Die Handlung wechselt zwischen Bonn und Teheran, und genau diese Verflechtung von innerdeutscher Politik und internationalen Umbrüchen verleiht dem Roman Tiefe. Die Freundinnen Suzanne und Azadeh stehen nicht nur symbolisch, sondern real als Gegenpole und Spiegel für Catharina: Suzanne kämpft mit alltäglichen Erwartungen an Ehe, Mutterschaft und Karriere, Azadeh mit dem politischen Umbruch im Iran. Die drei Frauen verkörpern unterschiedliche Spielarten von Emanzipation und Freiheit – und die Herausforderungen, die damit verbunden sind.

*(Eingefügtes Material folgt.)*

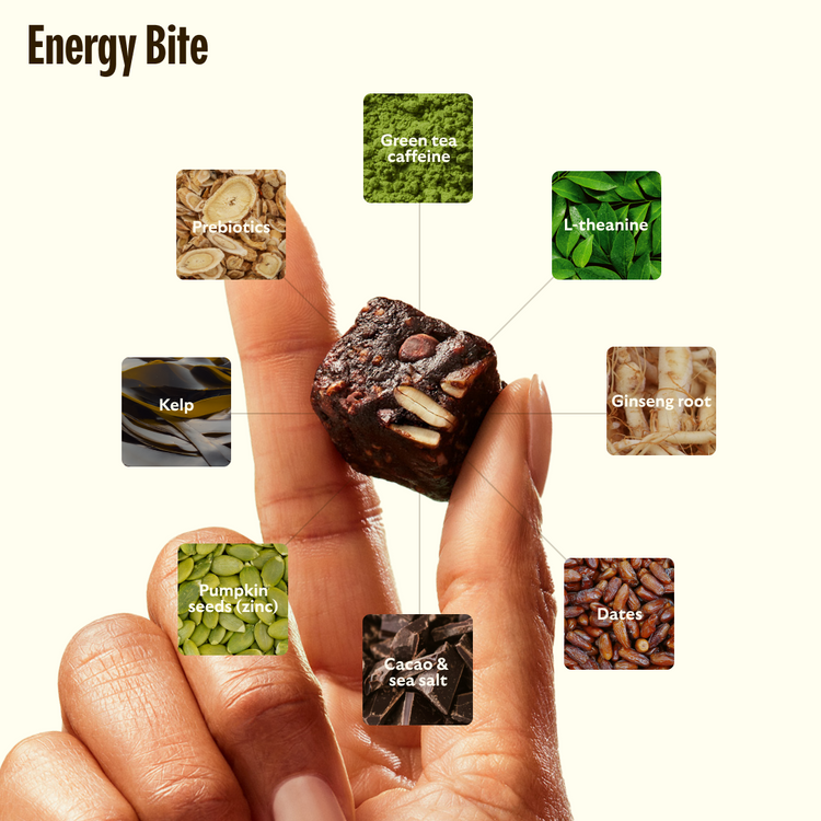 Our Nutrient Support Bites provide targeted energy, relaxation, and sleep support powered by powerful superfoods, herbs, adaptogens, and more.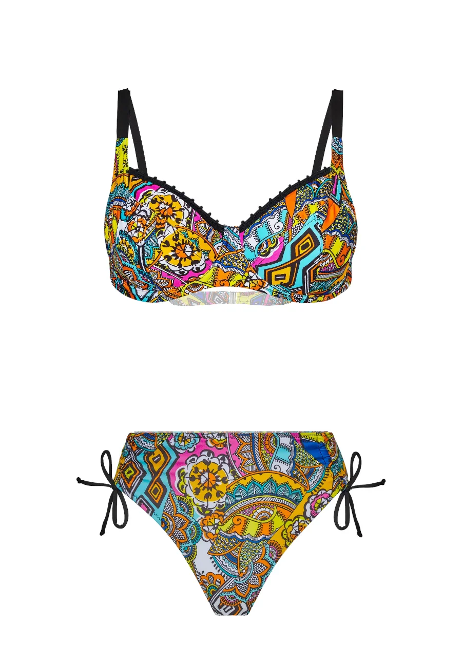 Bikini composto da balconcino morbido con ferretto e spalline regolabili dritte o incrociate. Slip alto con fianchi regolabili.

Sprachlich gelingt Specht vieles: Der historische Hintergrund wird lebendig, die Atmosphäre der späten Siebzigerjahre – in Bonn wie auch in Teheran – spürt man in Mode, Musik, Medien und gesellschaftlichen Konventionen. Der Schreibstil ist flüssig, mitunter elegant und oft eindrucksvoll in politischen Szenen – etwa im Bundestag oder bei diplomatischen Begegnungen. Man spürt, wie wenig Frauen damals zugetraut wurde, und wie sehr sie mit doppelten Standards zurechtkommen müssen.

Bei allem Lob aber auch Kritikpunkte: Die Figuren, insbesondere die Nebenfiguren, sind zahlreich – nicht alle entfalten ihr Potenzial. Einige Perspektivwechsel lenken vom zentralen Strang ab, ohne dass sie immer neuen Erkenntnisgewinn bringen. Ebenso könnte man sich mehr realpolitische Tiefe wünschen: Details zu außenpolitischen Entscheidungen, Machtmechanismen und Parteistrategien bleiben manchmal eher skizzenhaft. Der Fokus liegt stark auf emotionalen und persönlichen Dimensionen, weniger auf der politischen Theorie oder Analytik. Auch endet die Erzählung abrupt; ein Epilog oder ein Blick in die Zukunft hätte das Ganze abgerundet.

Insgesamt besticht der Roman durch sein Thema, die starke weibliche Hauptfigur, seinen historischen Rahmen und die Frage nach Gleichberechtigung – und macht deutlich, wie aktuell vieles davon noch immer ist. Ein lohnender Roman für alle, die starke Charaktere, politisches Drama und ein gutes Stück feministischer Zeitgeist schätzen.